Lower down are entries containing pictures. Copy exactly, without those pictures, the lines from the line with "Kids Thick Warm" through the line with "Grote delen van".

### ENTRIES PROVIDED

########################################

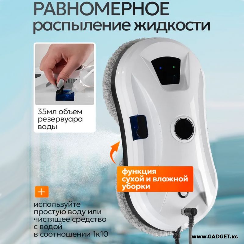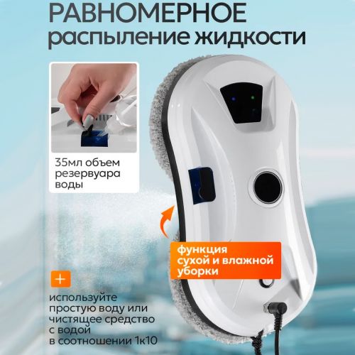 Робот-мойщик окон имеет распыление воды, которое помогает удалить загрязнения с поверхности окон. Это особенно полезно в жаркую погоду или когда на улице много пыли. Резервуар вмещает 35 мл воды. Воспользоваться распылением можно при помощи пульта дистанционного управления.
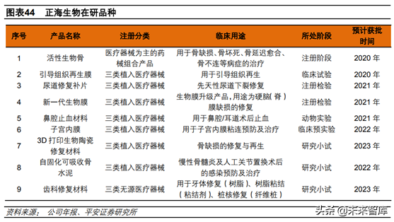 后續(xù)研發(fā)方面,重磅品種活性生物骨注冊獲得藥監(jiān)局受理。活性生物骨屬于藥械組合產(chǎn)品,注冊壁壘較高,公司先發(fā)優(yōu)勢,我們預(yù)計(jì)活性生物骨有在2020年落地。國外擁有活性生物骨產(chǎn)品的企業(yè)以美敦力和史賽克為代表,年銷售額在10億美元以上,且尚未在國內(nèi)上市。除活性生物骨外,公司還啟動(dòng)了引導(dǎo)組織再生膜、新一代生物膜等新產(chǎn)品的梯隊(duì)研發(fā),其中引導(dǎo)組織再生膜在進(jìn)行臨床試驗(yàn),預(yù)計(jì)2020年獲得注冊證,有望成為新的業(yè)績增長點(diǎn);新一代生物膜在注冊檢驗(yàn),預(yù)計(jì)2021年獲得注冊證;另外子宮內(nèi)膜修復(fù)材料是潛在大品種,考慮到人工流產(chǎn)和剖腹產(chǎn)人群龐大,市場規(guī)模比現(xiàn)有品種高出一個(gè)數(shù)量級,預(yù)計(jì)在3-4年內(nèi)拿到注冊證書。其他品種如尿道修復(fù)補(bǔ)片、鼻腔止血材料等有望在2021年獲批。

########################################

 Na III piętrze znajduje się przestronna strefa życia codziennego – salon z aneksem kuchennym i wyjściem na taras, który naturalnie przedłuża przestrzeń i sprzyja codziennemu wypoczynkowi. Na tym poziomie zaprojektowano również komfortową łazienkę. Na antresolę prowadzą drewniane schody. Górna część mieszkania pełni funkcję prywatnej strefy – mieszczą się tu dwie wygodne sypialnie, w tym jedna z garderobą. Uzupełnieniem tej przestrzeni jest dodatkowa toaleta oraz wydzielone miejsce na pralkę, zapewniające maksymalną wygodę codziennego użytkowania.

########################################

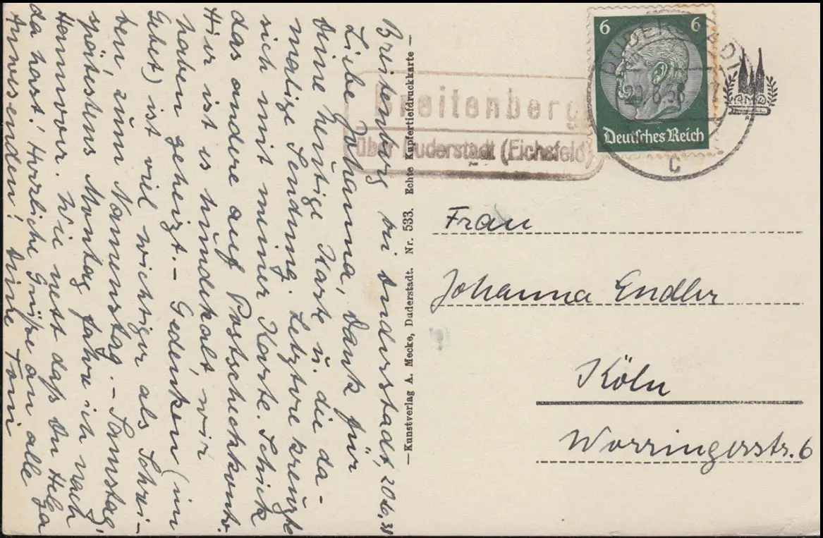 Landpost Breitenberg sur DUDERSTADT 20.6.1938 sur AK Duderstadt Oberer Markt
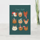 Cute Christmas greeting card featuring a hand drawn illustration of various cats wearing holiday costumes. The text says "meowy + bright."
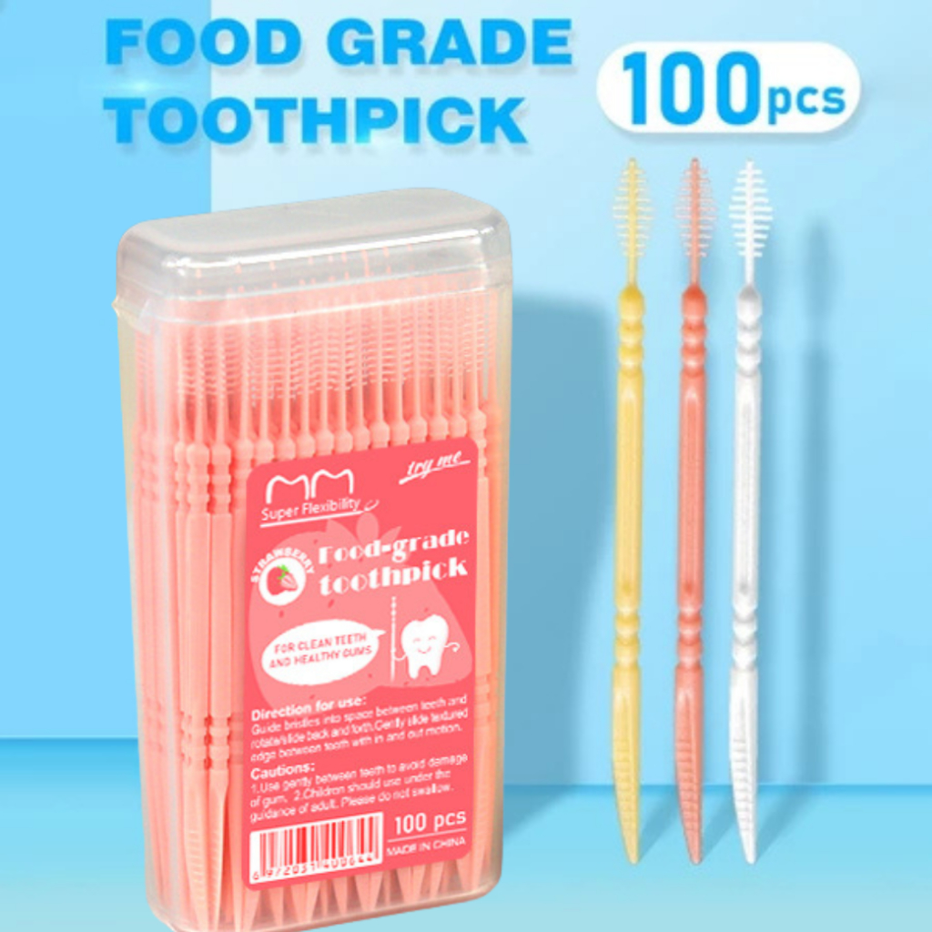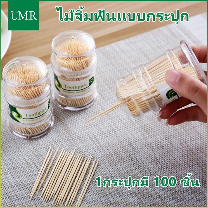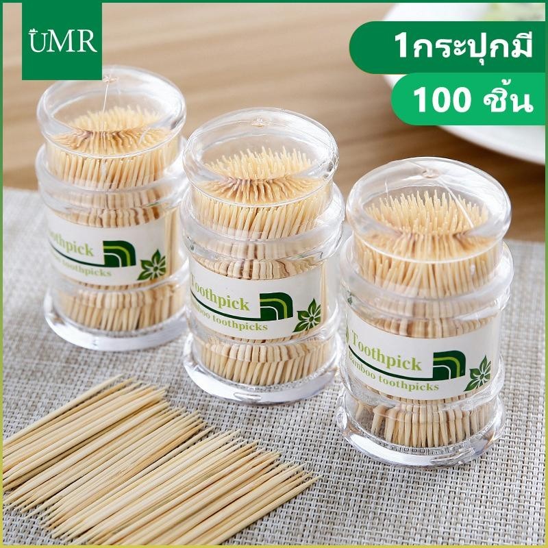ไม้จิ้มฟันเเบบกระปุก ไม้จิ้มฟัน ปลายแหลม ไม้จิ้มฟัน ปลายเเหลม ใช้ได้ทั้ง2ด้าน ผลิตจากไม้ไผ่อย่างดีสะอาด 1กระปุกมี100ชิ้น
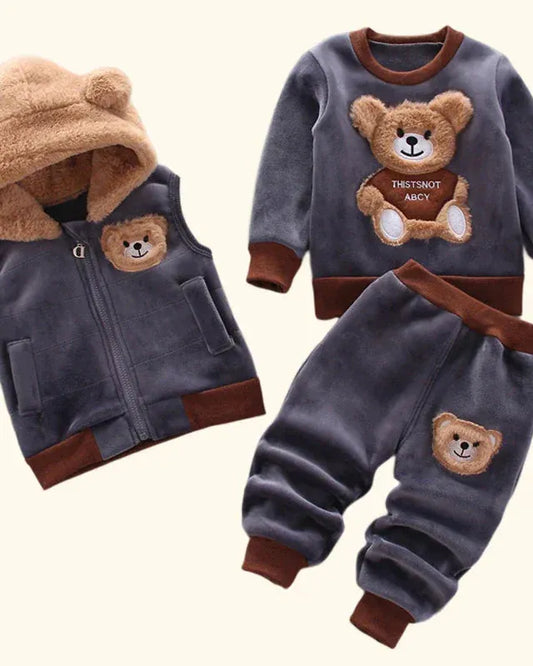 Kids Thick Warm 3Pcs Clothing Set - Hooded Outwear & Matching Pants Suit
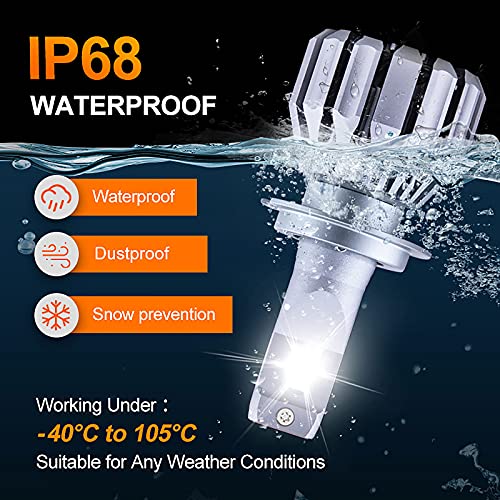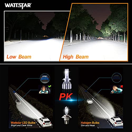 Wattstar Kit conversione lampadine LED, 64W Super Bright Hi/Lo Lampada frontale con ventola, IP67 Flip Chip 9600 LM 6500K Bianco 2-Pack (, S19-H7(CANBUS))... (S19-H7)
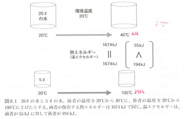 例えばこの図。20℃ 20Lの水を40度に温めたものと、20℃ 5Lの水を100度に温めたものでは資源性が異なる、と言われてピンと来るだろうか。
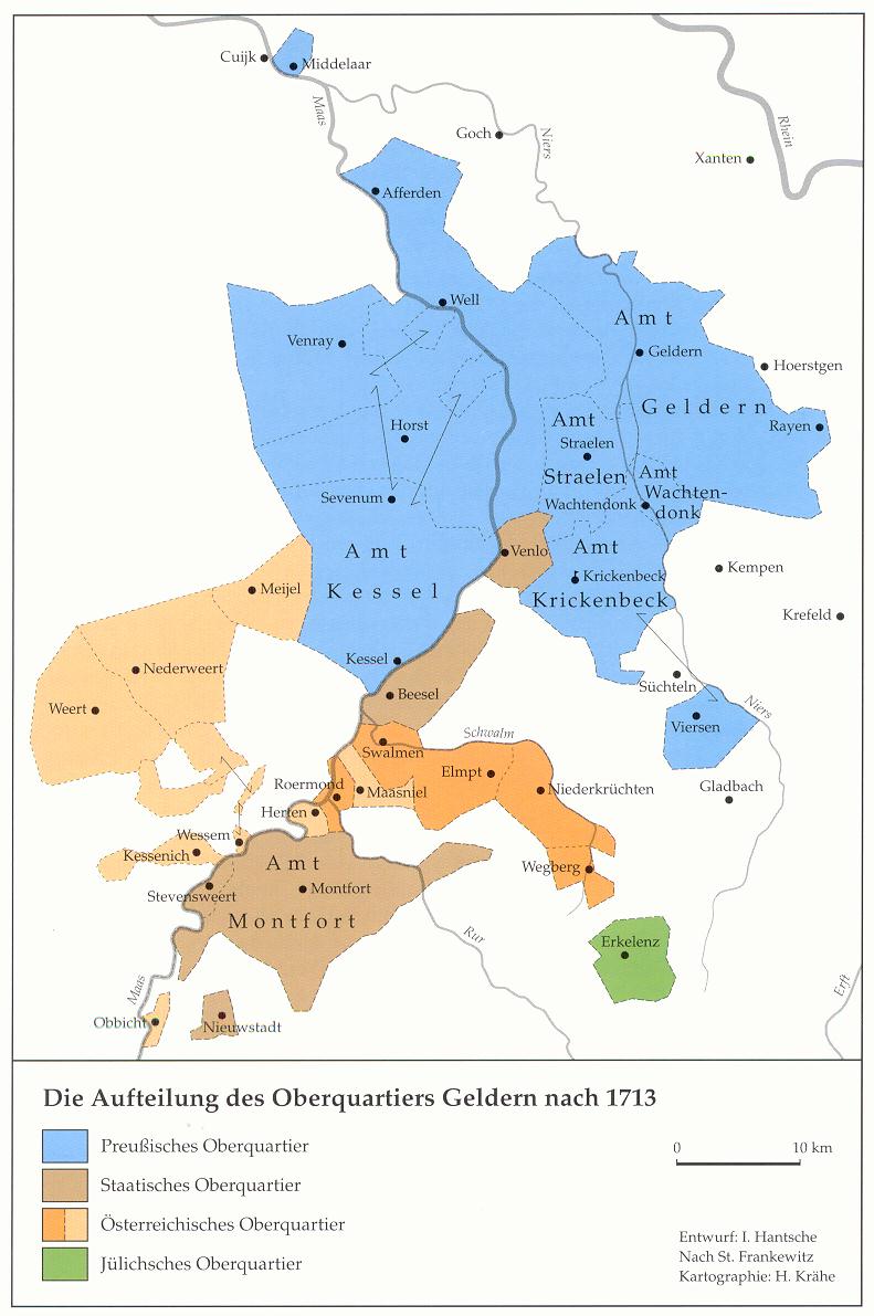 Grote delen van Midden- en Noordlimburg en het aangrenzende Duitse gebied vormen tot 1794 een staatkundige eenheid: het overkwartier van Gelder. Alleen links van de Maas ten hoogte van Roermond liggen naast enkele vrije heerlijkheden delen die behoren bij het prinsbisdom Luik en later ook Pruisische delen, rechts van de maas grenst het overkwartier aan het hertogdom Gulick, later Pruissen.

########################################

### TASK SOLUTION
 Kids Thick Warm 3Pcs Clothing Set - Hooded Outwear & Matching Pants Suit
 Wattstar Kit conversione lampadine LED, 64W Super Bright Hi/Lo Lampada frontale con ventola, IP67 Flip Chip 9600 LM 6500K Bianco 2-Pack (, S19-H7(CANBUS))... (S19-H7)
 例えばこの図。20℃ 20Lの水を40度に温めたものと、20℃ 5Lの水を100度に温めたものでは資源性が異なる、と言われてピンと来るだろうか。
 Grote delen van Midden- en Noordlimburg en het aangrenzende Duitse gebied vormen tot 1794 een staatkundige eenheid: het overkwartier van Gelder. Alleen links van de Maas ten hoogte van Roermond liggen naast enkele vrije heerlijkheden delen die behoren bij het prinsbisdom Luik en later ook Pruisische delen, rechts van de maas grenst het overkwartier aan het hertogdom Gulick, later Pruissen.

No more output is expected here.